We could take fanfiction, for instance, and apply these theories to it. We have to assume two distinct social contexts, wherein the fanfiction writer is first interpolated as reader, and second as player. Fanfiction, when interpolated as an activity of a reader -- whether by the author of the specific piece or its reader -- and therefore a function of the P-C loop, is a form in which the productive aspect of the productive consumption it represents is the "canon," as opposed to other aspects of the literary mode. That is to say, the nutritive aspect of the consumed fiction is the canon, and it is converted into the energy which has as its outlet the fanfiction. When the fanfiction is interpolated into the role of player, the author is implicated in a mode of production, treating the originating fiction as a whole as the resources that are consumed in transformation with labor in order to create a new product. So, roughly, "reading" fanfiction takes the form of "continued adventures," while "playing" fanfiction takes the form of something like slashfic.

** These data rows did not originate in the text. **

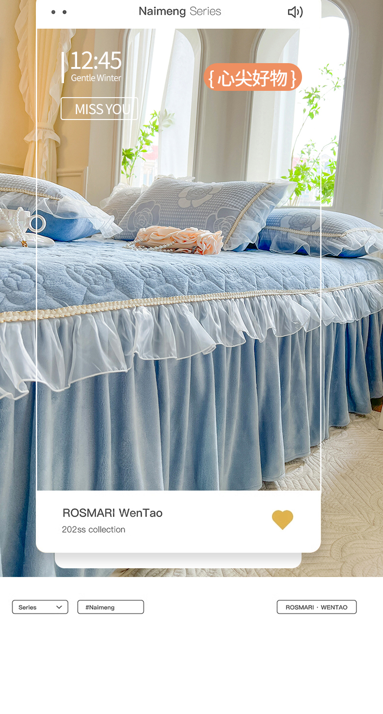 麒豆豆 2024新款雕花绒床裙三件套-浪漫印记 浪漫印记-天蓝
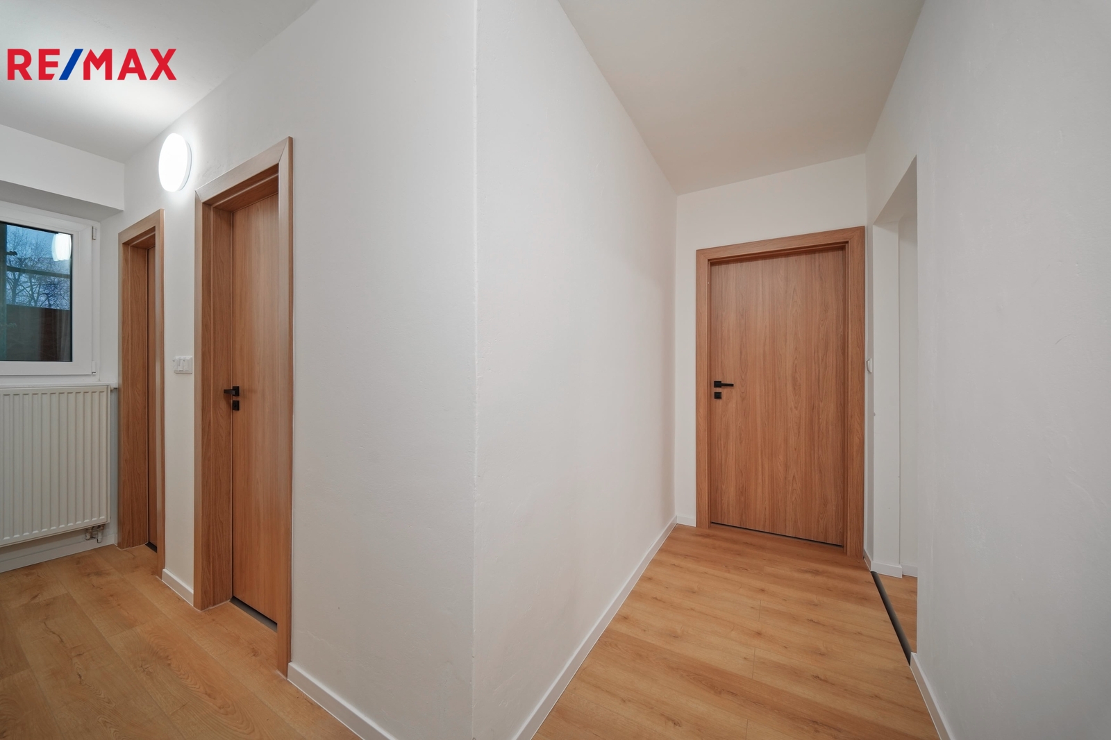 Nabízíme k pronájmu kompletně zrekonstruovaný byt 3+1 o celkové ploše 68,4 m². Nachází se ve zvýšeném přízemí cihlového domu se šesti bytovými jednotkami. Byt je světlý, orientovaný na východ a západ, a připravený k okamžitému nastěhování. Rekonstrukce byla dokončena letos a byt dosud nebyl obýván. Vše je tedy zcela nové a bez známek opotřebení.
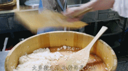 米饭煮完冷却到7成就得倒入桧木桶中搅拌,添加用盐、糖、醋调好的醋,这个比例是每家店的秘方。

Having assumed all of this, a position: the fundamental & unique aspect of gaming as a form is an affective node we can call "frustration." The linguistic metaphor, the economic metaphor, and the definition all bear this out; again, however, there is a disconnect between the systemic and the experiential. The experience depends on the activation of the node, and it branches out into at least two paths; "triumph" and "boredom." "Boredom" then branches further, although I'll not attempt to diagram this all here. Suffice to say, for now, perhaps, that the carnival game embodies these three nodes; in ring toss or guess the number of jelly beans in the jar or whatever, the player begins in frustration, and advances either to triumph or boredom, at which point the next game is begun. More complex games are those which track through boredom to various other affects, and in so doing provide the player with an experience which builds upon the unactivated affective positions through which they have passed so that the activated affect position is colored by them.